WORK ITEM:
If a line below falls between the line with "1960. Stamps of" and the line with "1935 American Austin", or is one of those two, output it exactly; output nothing else and no pictures.

*** TASK INPUTS Section Begins ***

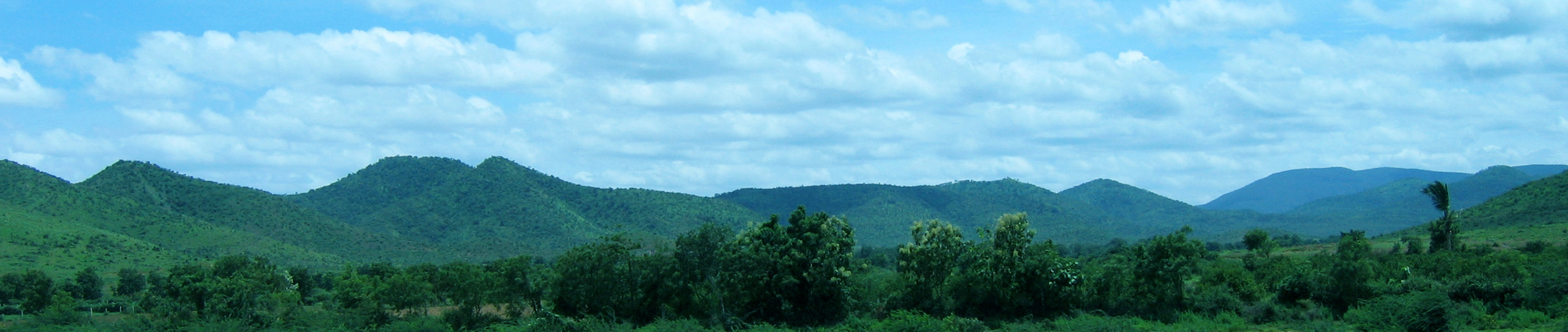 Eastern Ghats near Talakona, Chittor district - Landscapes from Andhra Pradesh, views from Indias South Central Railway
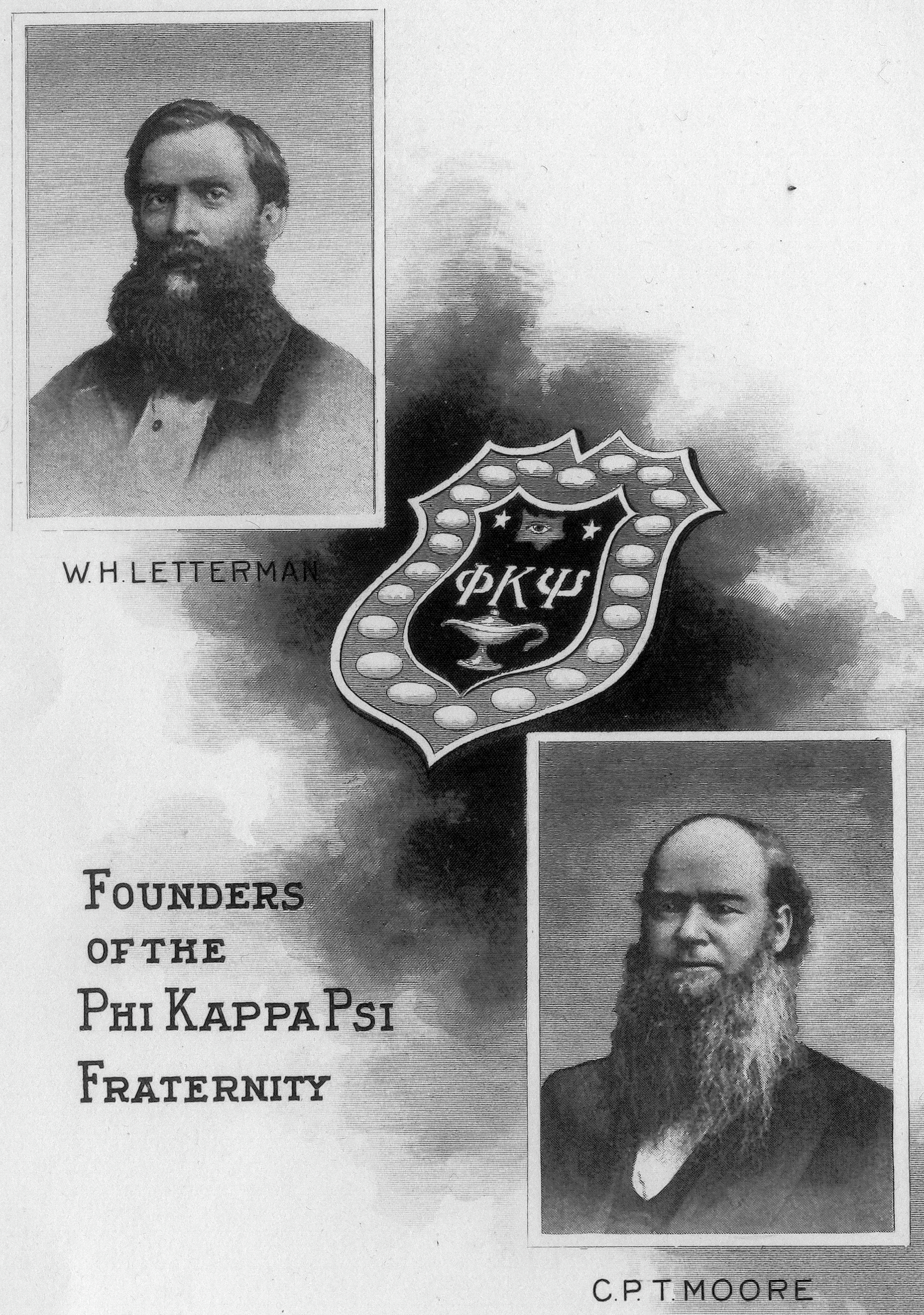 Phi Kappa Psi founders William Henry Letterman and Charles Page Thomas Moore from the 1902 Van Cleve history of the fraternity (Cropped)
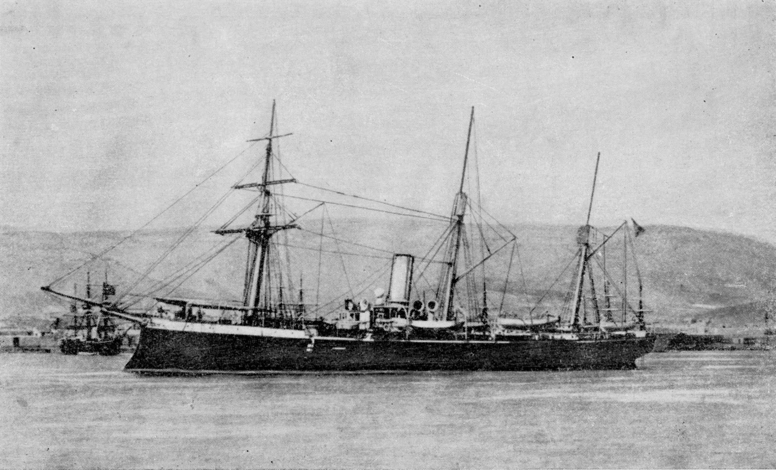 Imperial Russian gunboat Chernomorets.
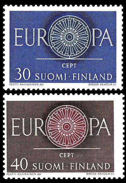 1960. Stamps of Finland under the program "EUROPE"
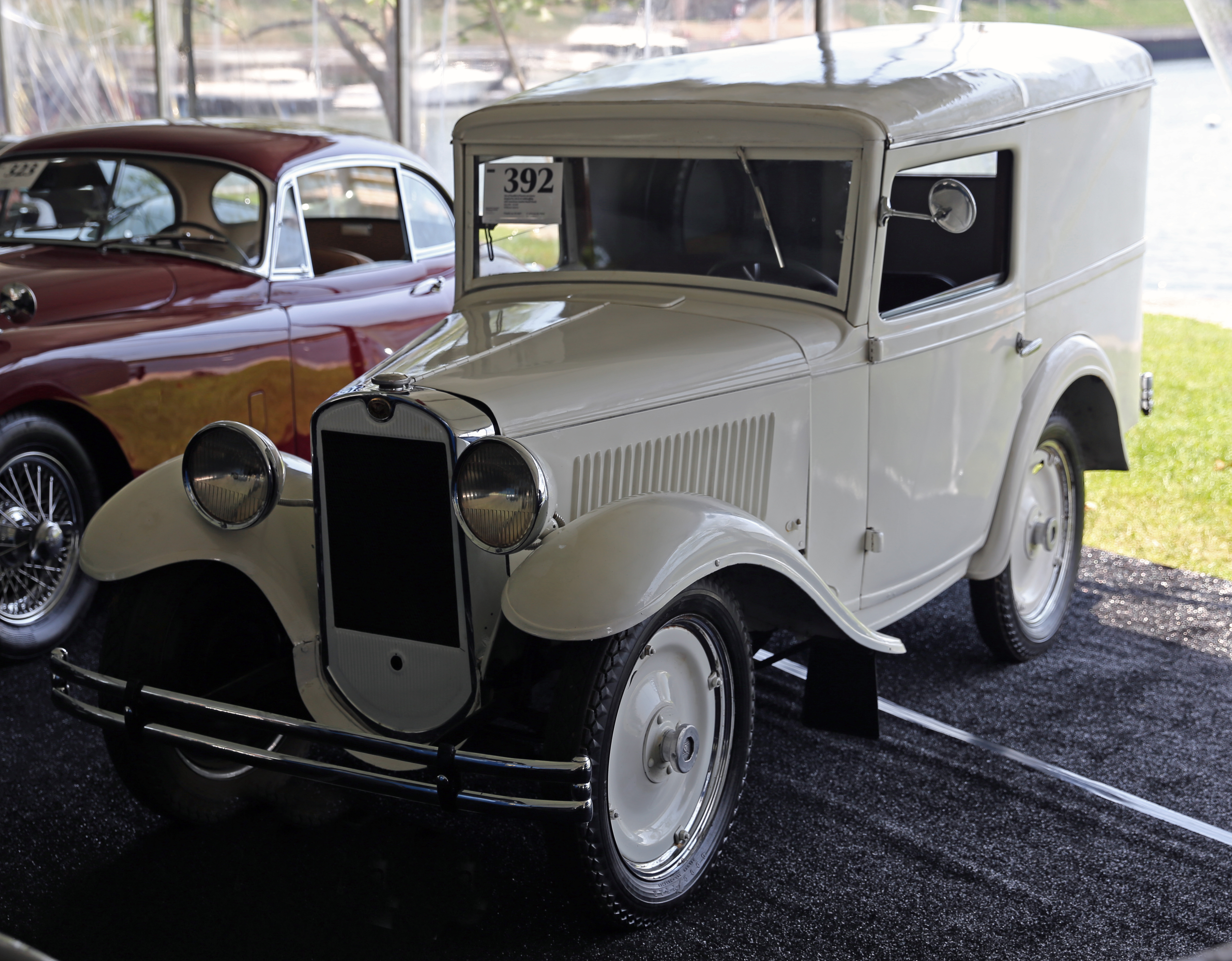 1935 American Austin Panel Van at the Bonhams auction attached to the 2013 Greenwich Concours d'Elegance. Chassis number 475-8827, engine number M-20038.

*** TASK INPUTS Section Ends ***
*** TASK INPUTS Section Begins ***

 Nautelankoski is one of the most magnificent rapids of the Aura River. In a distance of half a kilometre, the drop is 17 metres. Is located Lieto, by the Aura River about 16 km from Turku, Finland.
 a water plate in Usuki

*** TASK INPUTS Section Ends ***

SOLUTION TO THIS PROBLEM:
 1960. Stamps of Finland under the program "EUROPE"
 1935 American Austin Panel Van at the Bonhams auction attached to the 2013 Greenwich Concours d'Elegance. Chassis number 475-8827, engine number M-20038.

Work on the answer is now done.